Витька сел на любимого конька и мог бы не слезать с него часами, но Рорик его перебил:
– Нам придется выехать за город.
– Ну так поехали. А зачем? Чё, всякие сверкания-грохотания будут, да? Ну я понимаю, сделать из человека гениального художника – это не деньги печатать, это дело тонкое. Ты уж только не напортачь там чего-нибудь.
– Проблема не в этом. Находясь в этом городе, я не могу видеть линий Бытия и, соответственно, не могу определить, какие изменения будут благотворны, а какие – нет.
– Ничё не понял. Ну да ладно, тебе видней. Поехали давай, а то тебе же тоже небось не терпится эту свою инопланетянку найти.
– Поехали, – кивнул Рорик и повернулся к водителю: – По Ленинградскому шоссе в сторону Питера.
Водитель молча включил скорость. Витька пожал плечами и посмотрел в окно.
– А далеко поедем?
– Километров пятьдесят-сто. Не могу сказать точнее.
Витька вздохнул и стал смотреть в окно. Почему-то стало очень грустно. «Контакты-хренакты, – пробормотал он про себя. – Да кому мы нужны?» Вон, если верить Рорику, всякие инопланетяне давно уже по Земле шляются. И что с того, что их совсем немного? Важно то, что никакой контакт они устанавливать и не собираются. Видимо, не созрела еще земная цивилизация для контакта. Вот и Рорик сейчас найдет свою девушку и умотает обратно на свою планету, и что ему до землян, многие из которых уверены, что одиноки во Вселенной? Невежливо это все-таки как-то. Все равно как будто влез в чужую квартиру через окно, потоптался по комнатам, поискал что-то и ушел. И ни «здрасте», ни «до свиданья». Невежливо!
– А что, люди про вас вообще ничего не знают, да? Ну я вообще людей имею в виду, а не таких, как я, которые случайно попались. Или мне ты тоже память сотрешь, как тому водиле, да? – Витька похолодел от своей догадки. – Не надо, пожалуйста, я правда никому не расскажу, честное слово!

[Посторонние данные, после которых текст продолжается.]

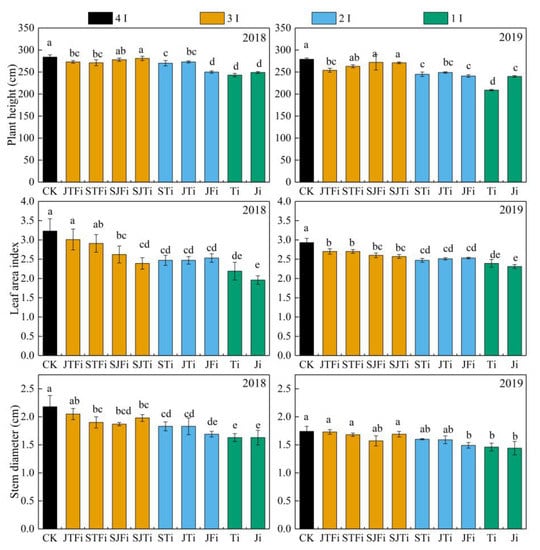 The results for the plant height, LAI, and stem diameter of summer maize under different irrigation treatments are shown in Figure 1. The changes in the plant height, LAI, and stem diameter under different irrigation treatments were basically the same for the two growing seasons. For the irrigation treatments that were applied in three growth stages, the plant height in the JTFi group and the LAI in the SJTi group decreased the most significantly, whereas in the SJFi group, the steam diameter decreased the most. For the irrigation treatments that were applied in two growth stages, the plant height and stem diameter decreased the most significantly in the JFi group (by approximately 12.8% and 18.4%, respectively), whereas no significant differences were determined between the two-irrigation application treatments in terms of LAI. In the single-irrigation treatments, the plant height in the Ti group was significantly lower than that of the two-irrigation application treatments, with the average decreasing by 19.9% compared to CK (p < 0.05). The LAI of Ji was significantly lower than it was in the two- and three-irrigation application treatments, with an average decrease of 30.3% being observed compared to CK (p < 0.05), whereas no significant differences were observed between the two-irrigation application treatments in terms of stem diameter. In conclusion, a water deficit at the seedling and jointing stages significantly affected the plant height in summer maize, and continuous deficit at the seedling and jointing stages had the greatest impact on the growth in summer maize, whereas a water deficit at late growth stages had a greater impact on LAI.

– Не будучи полностью уверенным, кого ты имел в виду под словом «вас», отвечу: теперь – знают. Обслуживающий состав земных порталов целиком состоит из местного населения. И не знать про «нас» они никак не могут. Это ответ на первый вопрос. Касательно второго – я не собирался лишать тебя воспоминаний.

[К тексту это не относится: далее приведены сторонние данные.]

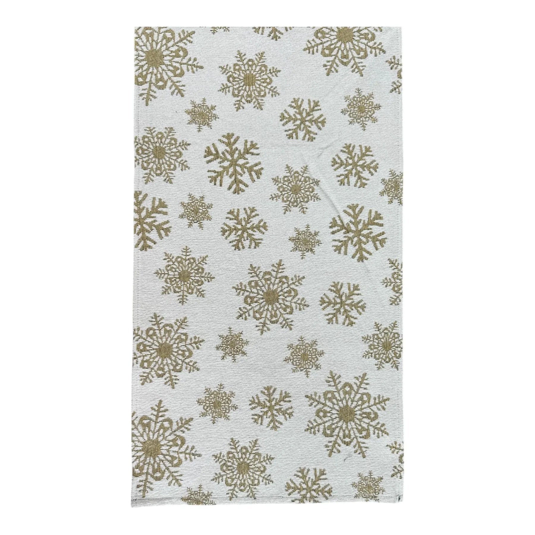 Camino de mesa elegante con diseño de copos de nieve en tono dorado sobre fondo claro, ideal para decorar tu mesa durante la temporada navideña o invernal.

Хотя секунду назад Витька думал, что Рорик в любом случае именно так и скажет (не дурак же он прямо взять и признаться, что собрался стереть человеку память), ответ его успокоил.
– Ничего себе. Значит, у нас тоже есть люди, которые все знают? Это как в «Людях в черном», да? Ну да, точно! Я так и думал, что там правду показывают! Тут они немножко лажанулись, люди с сбображалкой могли и догадаться. Я, например, догадался. Понимаешь, во втором фильме, там, где они старый фантастический сериал смотрят, я сразу понял, на что они намекают. Ты, наверное, его не видел… Ну короче, они там, в фильме, смотрят другой фильм, такой старый-престарый, без компьютерных спецэффектов еще, сразу видно, что там куклы сплошные. Снято так по-глупому. Но смысл такой: то, что в том старом фильме было, было и на самом деле! Ну то есть на самом деле в этом фильме, который «Люди в черном-2». Я сразу понял, зачем они это показывают. Они, типа, сказали: «Вот, смотрите вы фильм, думаете, это все выдумка, а то, что в нем – на самом деле происходит!» А чё, люди в черном на самом деле есть?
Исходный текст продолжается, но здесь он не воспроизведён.